Девушка попыталась встать, но тут же качнулась, хватаясь за спинку кресла, не удержалась и рухнула на пол. Снизу уже она застонала и нервно хихикнула.
— О, мадре де дьос! Святая заступница, дай мне терпения. Унати, Бартемо!
Подоспевшим матросам велела перенести пьяную сеньориту в каюту, раздеть и уложить спать. У самой же Лючиты сон прошел начисто. На палубе оказалось свежо, ночь выдалась ясная, что давало надежду на ясный же день.
На берегу кто-то не слишком трезвый призывал тысячи проклятий на голову кого-то еще, перекликалась городская стража, матросы едва слышно переговаривались. Тихо дышало море, огромное, черное. Девушка распахнула в ночь глаза и в который раз поняла, что не держит на Мигеля зла.

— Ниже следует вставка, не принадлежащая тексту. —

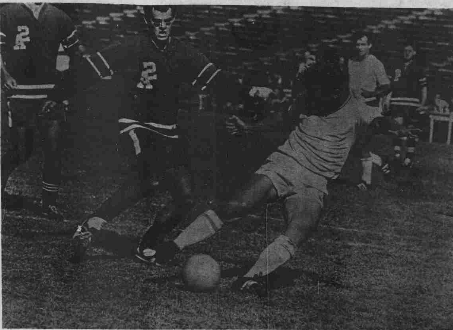
A successful tackle
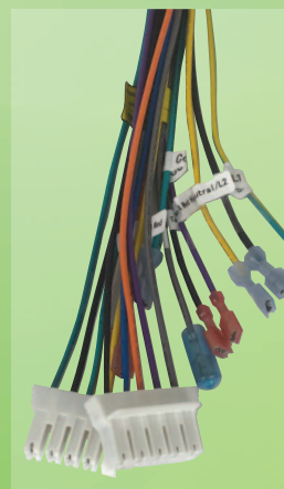
Direct Connect Harness
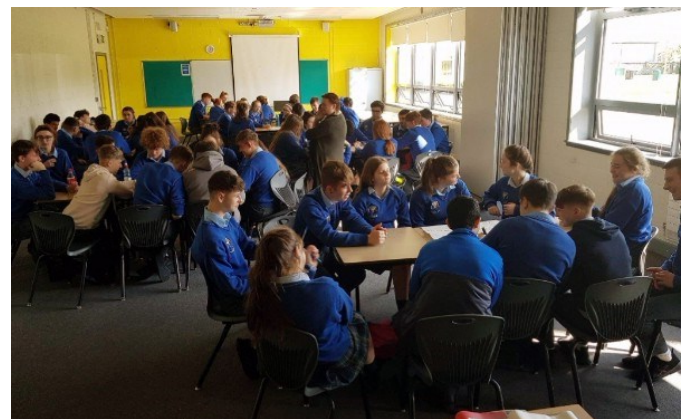
Mentoring Programme Coláiste Íde agus Josef, Abbeyfeale
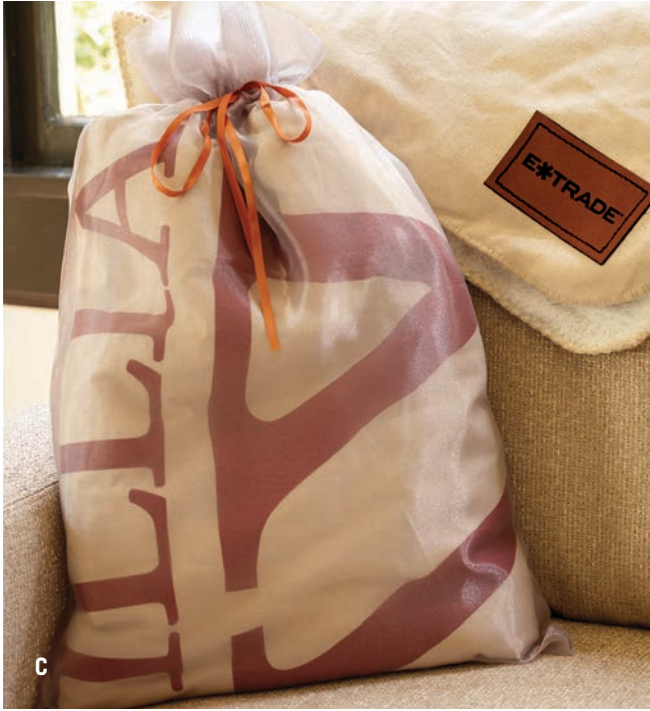
C. ORGANZA BAG

Present blankets inside this sheer bag with its satin, copper colored drawstring tie. Note that bags may not be decorated. This option does not include vinyl carry case.

— Потому что без тебя, дорогой, я не стала бы той, кто я есть, — прошептала она. — Так что, спасибо тебе. Живи, как умеешь.
В груди загорелся маленький огонек, разрастаясь и охватывая живот и шею, голову, ноги и руки до кончиков пальцев, делая всю ее легкой и радостной.
Глава 8
Заходящее солнце качалось в ладонях моря, что играло камешками у берега и толкало в борт пришвартованную наспех лодку.
— Я хочу этот корабль.
Девушка облизнула губы, любуясь на красавец-фрегат, который будто из сна пришел.
— Нам за ним не угнаться, видите корпус, и пушки...
— Я все вижу, — не очень вежливо перебила старпома она.
Корпус узкий и длинный, небольшая кормовая надстройка, чуть задранный нос, три мачты с полным вооружением, трисель на бизани. Ничего лишнего в отделке, все просто, изысканно, хищно. Пушечных портов на орудийной палубе насчитала тринадцать по левому борту, значит, столько же по правому, да еще штук шесть-восемь на шкафуте и шканцах, парочка на носу, несколько полупушек на вертлюгах.
— И в бакштаг он, наверно, летит, как птица, — мечтательно проговорила девушка.
— Вот именно, что летит, — проворчал старпом.
— Мистер Нэд, мы не собираемся за ним гоняться, — она сделала весомую паузу, позволяя осознать. — Мы его украдем.
* * *
Сверху платье кажется легким, невесомым, обнажает плечи и частично грудь, а от бедер вспенивается голубыми и белыми оборками и кружевом, образуя колыхающийся купол. На руках голубые же полуперчатки выше локтя, шейку прикрывает шарфик из тончайшего газа. Волосы стянуты в тугой пучок на затылке и с великим мучением убраны под сетку, но все равно норовят выскользнуть. Чита вздыхает. Грудь, затянутая в модное нынче тинто, подобное шелку, но более плотное, вздымается, округлые полушария соблазняют из выреза, приковывают взгляд.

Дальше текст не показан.